Pembakaran Mahkota Burung Cenderawasih Bentuk Pelecehan Budaya dan Warisan Leluhur OAP
Timika,papuaglobalnews.com – Pembakaran asesoris mahkota burung cenderawasih opset dan mahkota burung cenderawasih oleh Balai Besar Konservasi Sumber Daya Alam (BBKSDA) Papua di Jayapura pada Selasa 21 Oktober 2025 yang viral di media sosial terus menuai kecaman dari kalangan masyarakat Papua.
Kali ini datang dari Vinsent Oniyoma, Ketua Dewan Adat Daerah (DAD) KabupatenMimika Papua Tengah.

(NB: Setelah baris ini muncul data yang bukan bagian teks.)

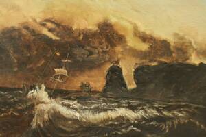 Okänd konstnär, kustparti med skepp, sekelskifte 1900, ramens innermått: 49x75.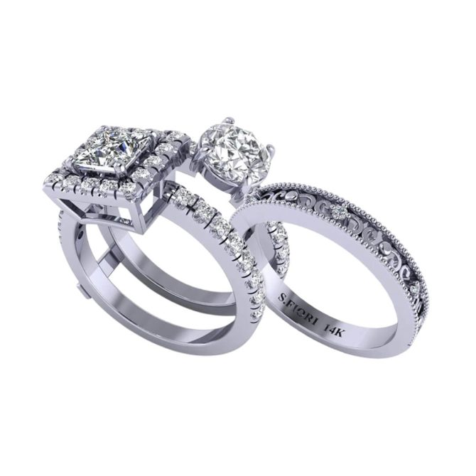 SF Victoria Two Stone Signature Ring Featuring Princess cut Lab 2.10 CTW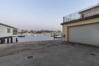 The dawn breaks over the coastal city, casting a warm glow on the pier and reflecting off the calm ocean waters.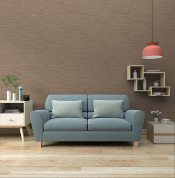Vliestapete, Imitation eines gröberen Stoffes, Braun- und Graubeigetöne mit halbglänzenden Akzenten.
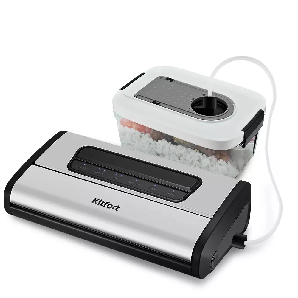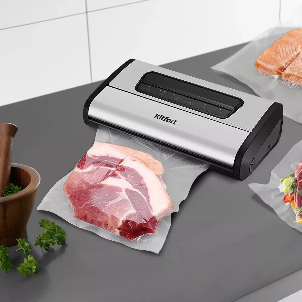 Вакууматор Kitfort КТ-1519 призван обеспечивать долгие сроки хранения ваших любимых продуктов. Продукты, упакованные под вакуумом, сохраняют свежесть и не портятся существенно дольше по сравнению с обычными условиями хранения.
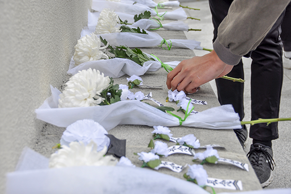 随后,来自爱心社、校卫队和武术协会的学生代表发表爱国主题演讲。伴随着《献花曲》,四名礼兵向烈士纪念碑敬献花圈,各组织同学紧随其后敬献白花。全体人员在纪念碑前行三鞠躬礼,向烈士表达崇高的敬意和深深的哀念。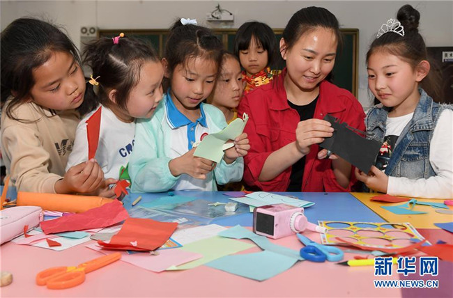 陜西省延安市楊家?guī)X福州希望小學(xué)美術(shù)社團(tuán)的學(xué)生在進(jìn)行剪紙(4月24日攝)。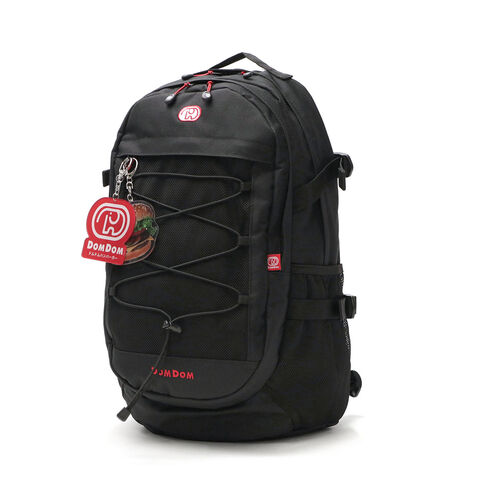 ドムドム リュック DOMDOM ドムドムハンバーガー リュックサック バックパック デイパック バッグ 通学 通学リュック B4 A4 30L 大きめ 大容量 軽量 撥水 どむぞうくん バンジーコード 女子 男子 黒 レディース メンズ DM001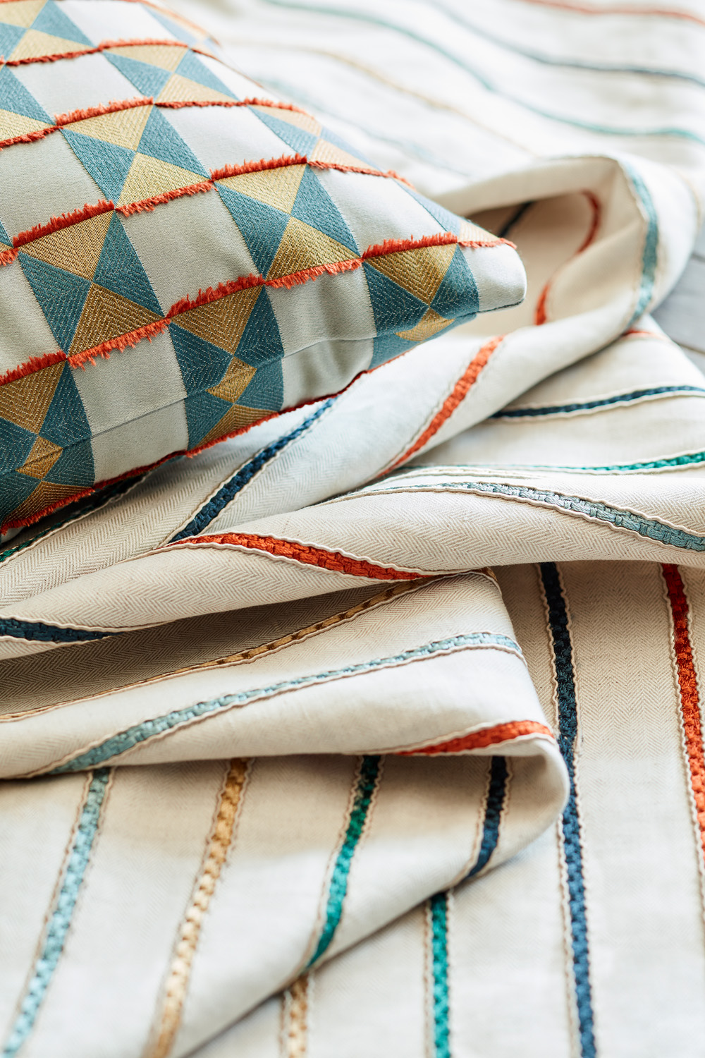 Rich tones of bright teal, orange and navy in elegant repeat patterns.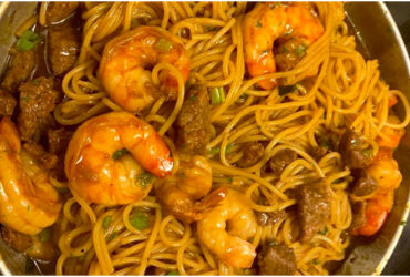 Garnelen mit Rindfleisch und Spaghetti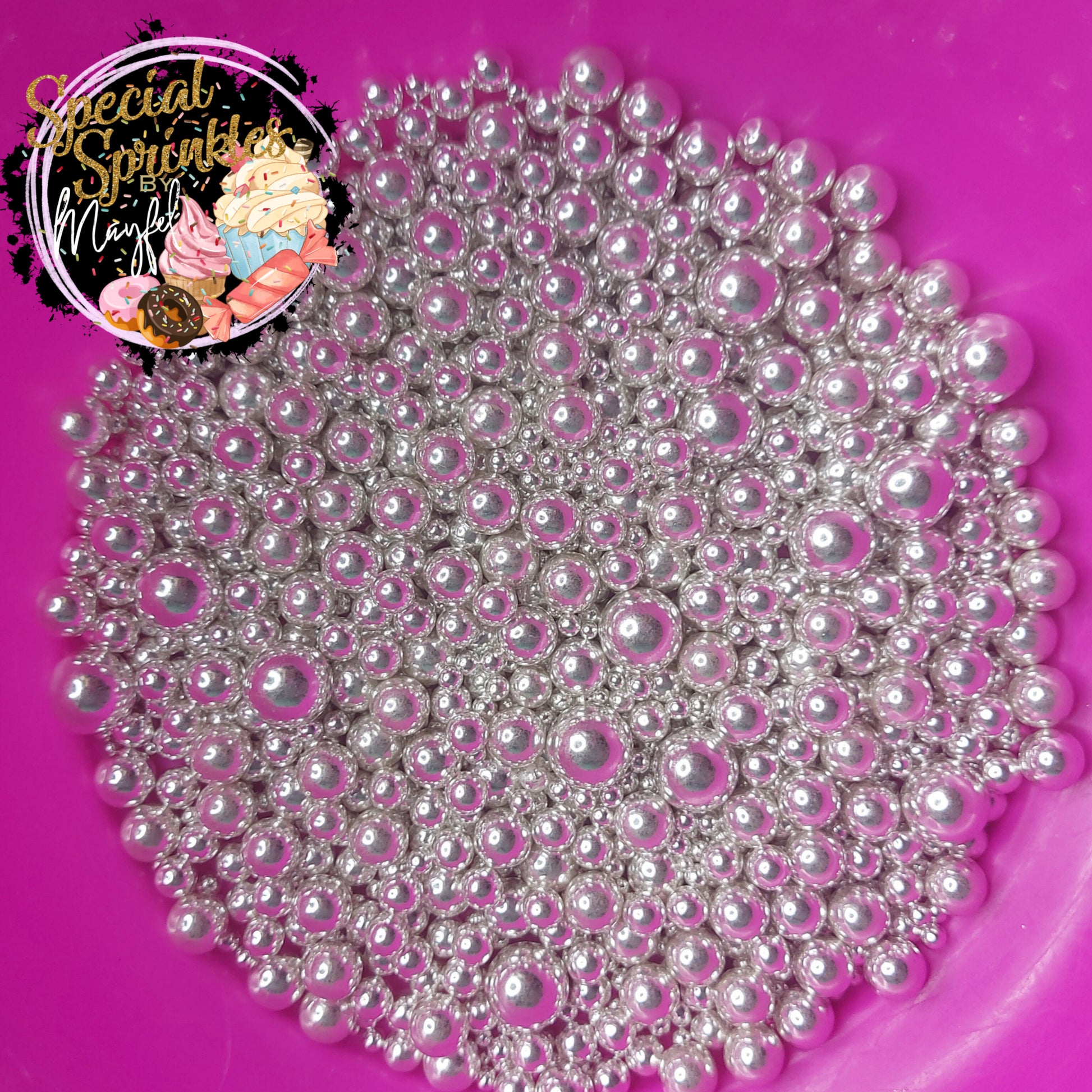 Dale ese toque de glamour a tus trabajos con estas brillantes perlas metálicas. que vienen en una mezcla de varios tamaños. (2 mm, 4mm, 7mm, 10mm, y 12mm). Son libres de gluten y GMO.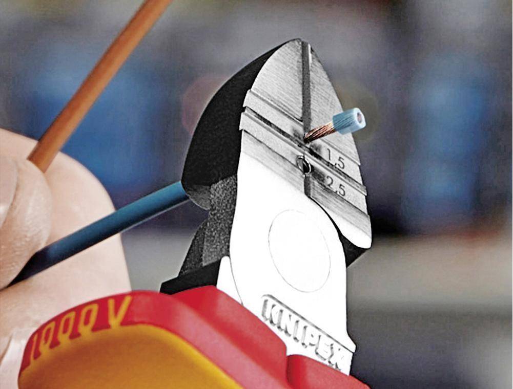 Бокорезы с насечками для зачистки проводов сечением 1,5 и 2,5 мм²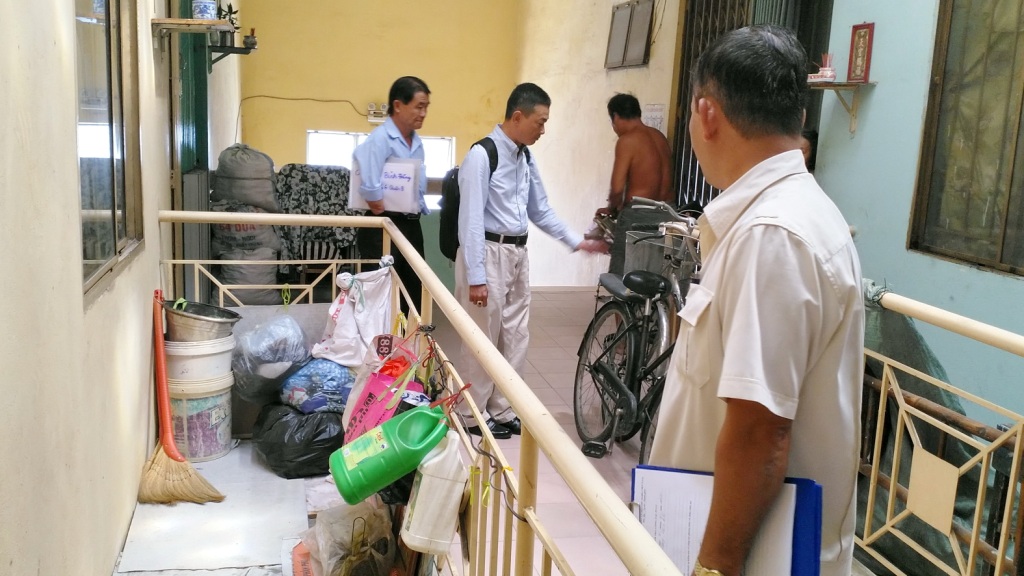 Đoàn kiểm tra nhắc nhở người dân để đồ đạc, vật dụng cá nhân gọn gàng, không lấn chiếm hành lang chung cư.

Vinsen dalam rilisnya kepada papuaglobalnews.com, Rabu malam 22 Oktober 2025 menyatakan mengutuk keras atas tindakan pembakaran simbol identitas Orang Asli Papua (OAP) sebagai bentuk penghinaan, pelecehan terhadap budaya dan warisan leluhur masyarakat Papua di tujuh wilayah adat.
Vinsent menegaskan pembakaran dengan alasan pemusnahan merupakan pelanggaran serius terhadap norma budaya dan adat istiadat orang asli Papua.
“Mahkota itu seharusnya disimpan bukan dibakar. Kalau mau menertibkan, yang harus ditertibkan adalah orang yang menembak burungnya, bukan membakar hasil karya budaya itu,” tulis Vinsent.
Simbol Identitas dan Spiritualitas
Menurut Vinsent, Cenderawasih memiliki makna yang sangat dalam bagi masyarakat Papua. Burung yang dijuluki “burung surga” ini sering dikaitkan dengan nilai-nilai spiritual, budaya, dan identitas. Keindahan bulunya yang mempesona digunakan dalam hiasan kepala, yang menunjukan status sosial dan spiritual seseorang.
Mahkota yang terbuat dari burung Cenderawasih maupun Kasuari merupakan simbol budaya asli orang Papua yang digunakan dalam acara penyambutan tamu terhormat maupun kegiatan adat lainnya.
Vinsent menilai pembakaran mahkota burung cenderawasih sebagai bentuk pelecehan serta penghinaan budaya yang tidak dapat dibenarkan serta diterima secara akal sehat.
“Kalau hanya minta maaf, semua orang bisa minta maaf. Tapi kalau sudah melanggar kebudayaan, tidak bisa selesai hanya dengan kata maaf,” tegasnya.
Atas kejadian yang melukai hati masyarakat Papua ini, Vinsent mendesak pihak BBKSDA Papua untuk memberikan klarifikasi yang transparan kepada masyarakat Papua.
Selain itu, ia mendesak Kapolda Papua dan Pangdam Cenderawasih untuk menindaklanjuti dugaan keterlibatan beberapa oknum anggota TNI-Polri dalam insiden tersebut.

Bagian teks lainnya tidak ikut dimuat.